- _Exercise data_:

# # # #

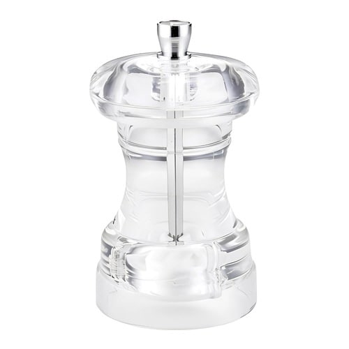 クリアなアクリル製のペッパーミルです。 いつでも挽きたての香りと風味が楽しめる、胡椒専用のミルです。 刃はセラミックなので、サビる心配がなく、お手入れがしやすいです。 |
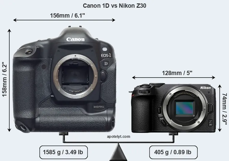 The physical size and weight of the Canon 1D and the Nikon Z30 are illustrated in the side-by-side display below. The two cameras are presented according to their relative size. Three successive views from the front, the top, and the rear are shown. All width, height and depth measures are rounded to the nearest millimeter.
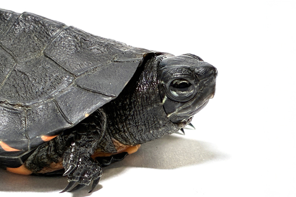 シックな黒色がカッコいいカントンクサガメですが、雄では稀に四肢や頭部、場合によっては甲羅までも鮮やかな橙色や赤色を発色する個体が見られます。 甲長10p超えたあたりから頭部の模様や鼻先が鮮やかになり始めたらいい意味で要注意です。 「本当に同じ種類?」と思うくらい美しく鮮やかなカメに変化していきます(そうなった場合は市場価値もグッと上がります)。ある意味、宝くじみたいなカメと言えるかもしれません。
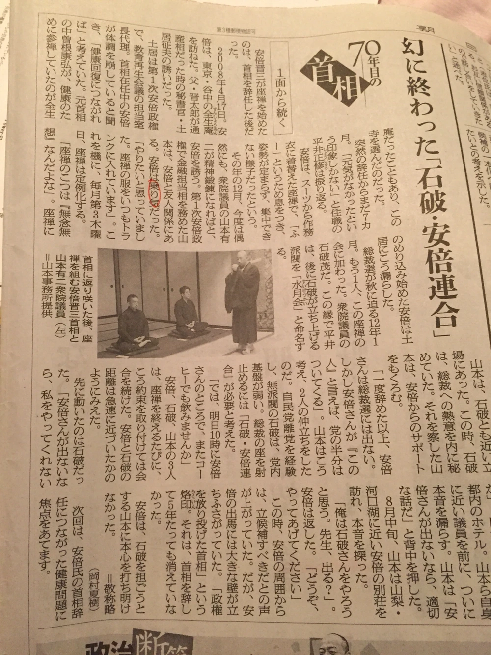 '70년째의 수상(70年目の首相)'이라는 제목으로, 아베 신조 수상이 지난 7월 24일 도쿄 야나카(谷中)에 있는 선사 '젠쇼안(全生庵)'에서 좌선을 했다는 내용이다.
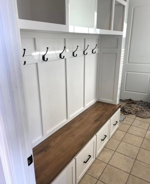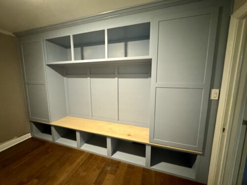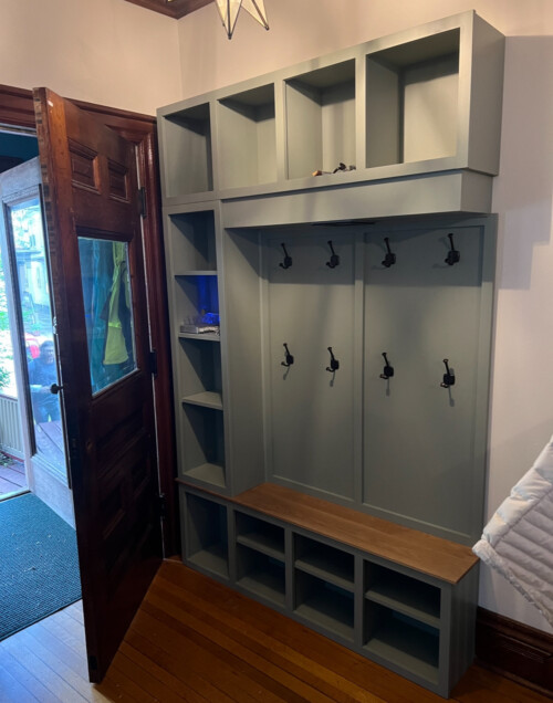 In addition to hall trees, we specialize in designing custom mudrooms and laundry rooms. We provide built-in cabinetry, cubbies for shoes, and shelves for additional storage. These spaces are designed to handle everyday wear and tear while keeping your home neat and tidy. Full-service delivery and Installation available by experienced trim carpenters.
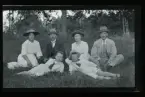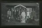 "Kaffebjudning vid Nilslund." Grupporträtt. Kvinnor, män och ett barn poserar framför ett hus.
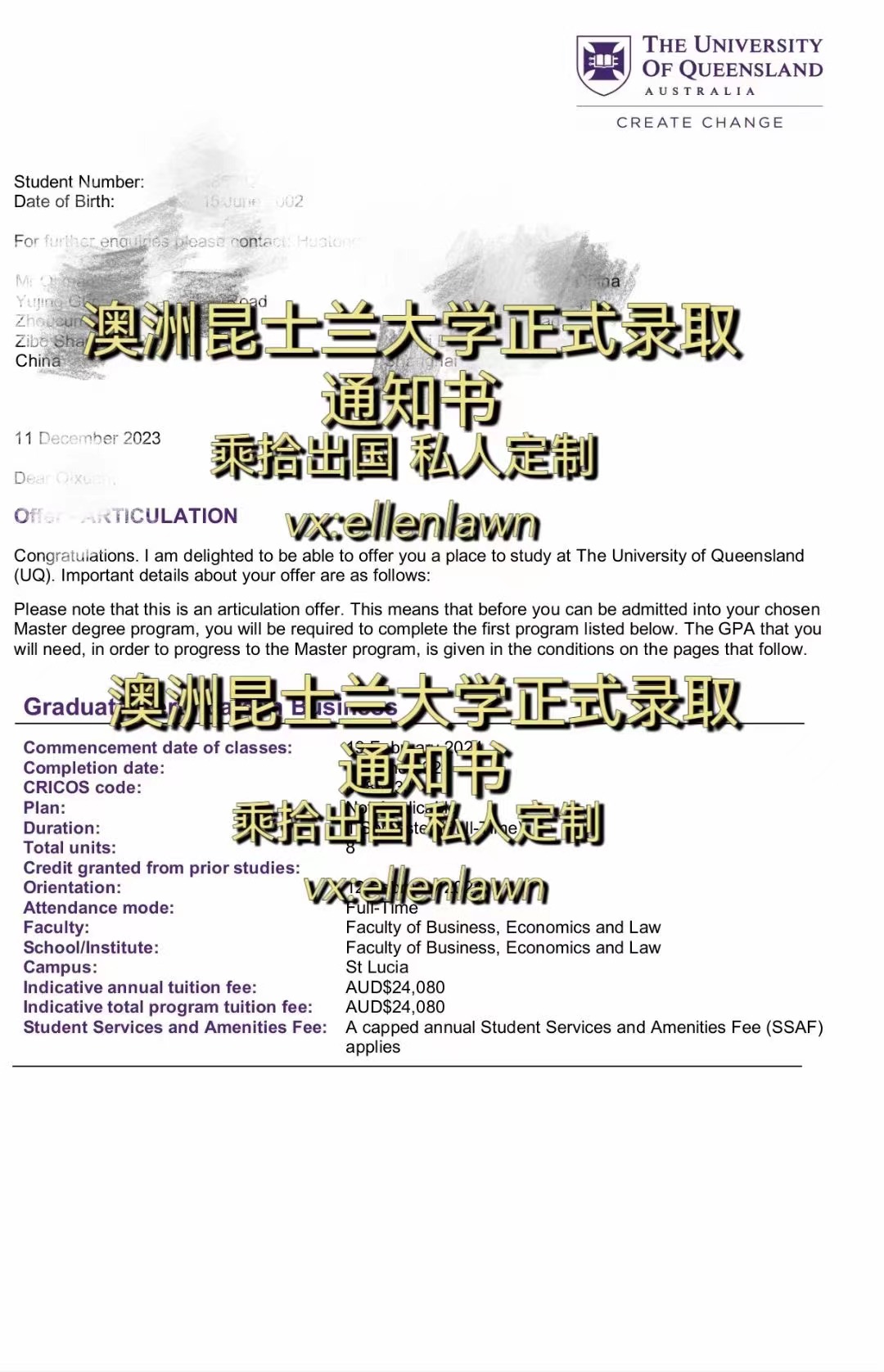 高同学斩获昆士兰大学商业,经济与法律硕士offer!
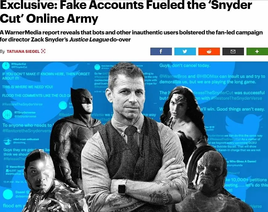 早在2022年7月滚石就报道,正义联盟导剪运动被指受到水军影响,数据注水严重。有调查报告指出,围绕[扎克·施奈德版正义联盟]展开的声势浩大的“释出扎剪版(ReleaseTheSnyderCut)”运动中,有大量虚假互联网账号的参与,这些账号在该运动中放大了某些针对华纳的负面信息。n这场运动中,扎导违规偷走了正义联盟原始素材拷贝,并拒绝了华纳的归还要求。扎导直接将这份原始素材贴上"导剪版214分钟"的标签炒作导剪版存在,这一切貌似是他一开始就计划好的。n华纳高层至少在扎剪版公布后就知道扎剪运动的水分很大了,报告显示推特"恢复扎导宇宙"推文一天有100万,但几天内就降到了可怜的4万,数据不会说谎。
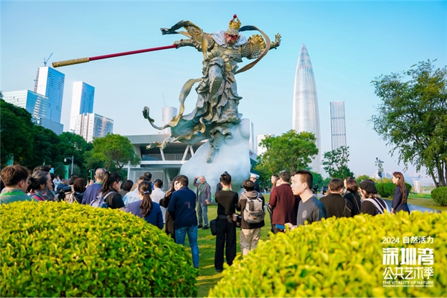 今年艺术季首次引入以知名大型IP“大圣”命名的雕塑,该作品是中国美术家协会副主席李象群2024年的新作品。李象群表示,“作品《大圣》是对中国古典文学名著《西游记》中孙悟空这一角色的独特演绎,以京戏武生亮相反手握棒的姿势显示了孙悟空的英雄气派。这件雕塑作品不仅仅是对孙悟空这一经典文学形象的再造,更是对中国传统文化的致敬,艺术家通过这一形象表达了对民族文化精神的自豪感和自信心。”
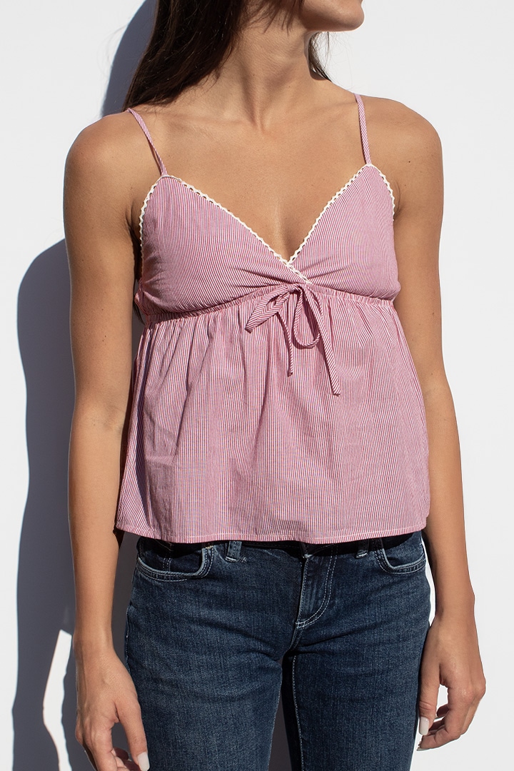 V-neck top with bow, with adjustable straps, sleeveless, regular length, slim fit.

# # # #

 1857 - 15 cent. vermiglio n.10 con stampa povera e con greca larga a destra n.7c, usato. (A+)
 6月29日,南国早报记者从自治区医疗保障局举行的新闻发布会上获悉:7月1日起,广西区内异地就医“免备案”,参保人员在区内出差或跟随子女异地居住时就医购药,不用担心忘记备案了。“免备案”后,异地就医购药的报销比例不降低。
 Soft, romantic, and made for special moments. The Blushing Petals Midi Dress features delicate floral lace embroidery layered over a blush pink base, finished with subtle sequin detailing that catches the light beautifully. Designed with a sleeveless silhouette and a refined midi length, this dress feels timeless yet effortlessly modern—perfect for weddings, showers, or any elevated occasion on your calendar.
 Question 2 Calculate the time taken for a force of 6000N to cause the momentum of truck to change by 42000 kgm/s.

# # # #

- _What this task involves_: Quote word for word only the lines above from the one containing "The physical size" through the one containing "高同学斩获昆士兰大学商业,经济与法律硕士offer!". Pictures stay out of your copy.

- _Output for this task_:
 The physical size and weight of the Canon 1D and the Nikon Z30 are illustrated in the side-by-side display below. The two cameras are presented according to their relative size. Three successive views from the front, the top, and the rear are shown. All width, height and depth measures are rounded to the nearest millimeter.
 シックな黒色がカッコいいカントンクサガメですが、雄では稀に四肢や頭部、場合によっては甲羅までも鮮やかな橙色や赤色を発色する個体が見られます。 甲長10p超えたあたりから頭部の模様や鼻先が鮮やかになり始めたらいい意味で要注意です。 「本当に同じ種類?」と思うくらい美しく鮮やかなカメに変化していきます(そうなった場合は市場価値もグッと上がります)。ある意味、宝くじみたいなカメと言えるかもしれません。
 '70년째의 수상(70年目の首相)'이라는 제목으로, 아베 신조 수상이 지난 7월 24일 도쿄 야나카(谷中)에 있는 선사 '젠쇼안(全生庵)'에서 좌선을 했다는 내용이다.
 In addition to hall trees, we specialize in designing custom mudrooms and laundry rooms. We provide built-in cabinetry, cubbies for shoes, and shelves for additional storage. These spaces are designed to handle everyday wear and tear while keeping your home neat and tidy. Full-service delivery and Installation available by experienced trim carpenters.
 "Kaffebjudning vid Nilslund." Grupporträtt. Kvinnor, män och ett barn poserar framför ett hus.
 高同学斩获昆士兰大学商业,经济与法律硕士offer!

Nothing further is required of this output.